5.5.3. How do you optimize a process?

5. Process Improvement
5.5. Advanced topics

5.5.3. How do you optimize a process?

How do you determine the optimal region to run a process?

Often the primary DOE goal is to find the operating conditions that maximize (or minimize) the system responses

The optimal region to run a process is usually determined after a sequence of experiments has been conducted and a series of empirical models obtained. In many engineering and science applications, experiments are conducted and empirical models are developed with the objective of improving the responses of interest. From a mathematical point of view, the objective is to find the operating conditions (or factor levels) X₁, X₂, ..., X_k that maximize or minimize the r system response variables Y₁, Y₂, ..., Y_r. In experimental optimization, different optimization techniques are applied to the fitted response equations \( \hat{Y}_{1}, \hat{Y}_{2}, \ldots , \hat{Y}_{r} \). Provided that the fitted equations approximate adequately the true (unknown) system responses, the optimal operating conditions of the model will be "close" to the optimal operating conditions of the true system.

The DOE approach to optimization

The experimental optimization of response surface models differs from classical optimization techniques in at least three ways:

Find approximate (good) models and iteratively search for (near) optimal operating conditions

Experimental optimization is an iterative process; that is, experiments conducted in one set of experiments result in fitted models that indicate where to search for improved operating conditions in the next set of experiments.

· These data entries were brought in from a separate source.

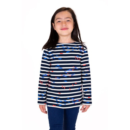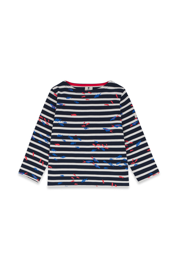 Voilà un monde marin coloré à retrouver sur cette marinière enfant en coton ! Habillez votre moussaillon avec cette marinière à motifs de bancs de poissons, une création unique réalisée avec l'artiste bretonne Morgane Chouin. À l'école comme à la plage, c'est le moment d'adopter un look iodé plein de fraîcheur.
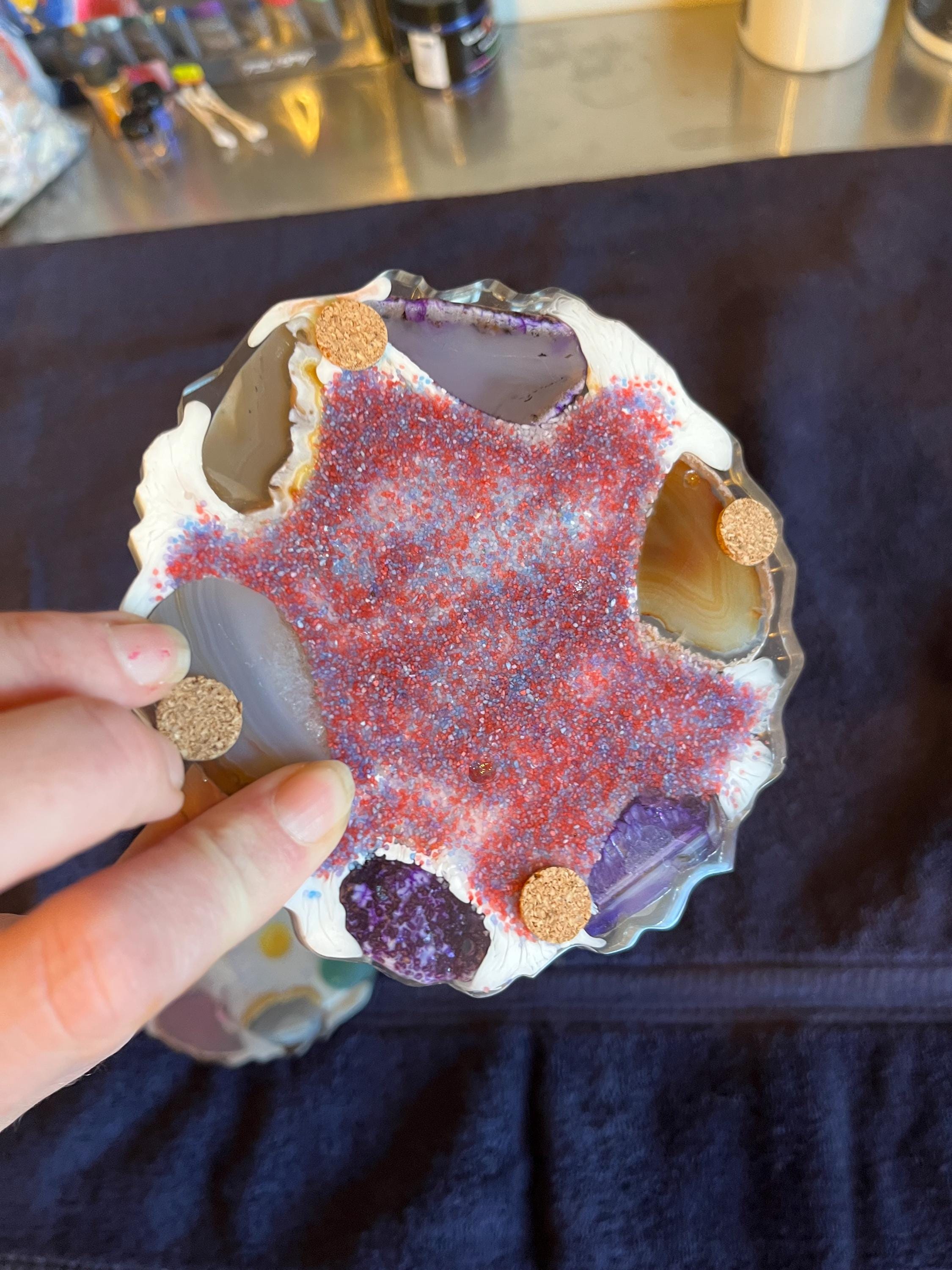4 Coaster set with geode rocks and daisy's decal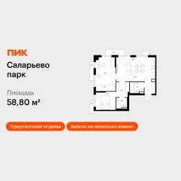 Продаётся 2-комн. квартира площадью 58,8 кв.м на 5 этаже 15 этажного дома (Корпус 57.2, Секция 2) проекта ПИК Саларьево парк. Светлый просторный подъезд на уровне земли, функциональная планировка, большие окна, предчистовая отделка.

Thus, the coefficients in the fitted equations (or the form of the fitted equations) may change during the optimization process. This is in contrast to classical optimization in which the functions to optimize are supposed to be fixed and given.

Randomness (sampling variability) affects the final answers and should be taken into account

The response models are fit from experimental data that usually contain random variability due to uncontrollable or unknown causes. This implies that an experiment, if repeated, will result in a different fitted response surface model that might lead to different optimal operating conditions. Therefore, sampling variability should be considered in experimental optimization.

In contrast, in classical optimization techniques the functions are deterministic and given.

Optimization process requires input of the experimenter

The fitted responses are local approximations, implying that the optimization process requires the input of the experimenter (a person familiar with the process). This is in contrast with classical optimization which is always automated in the form of some computer algorithm.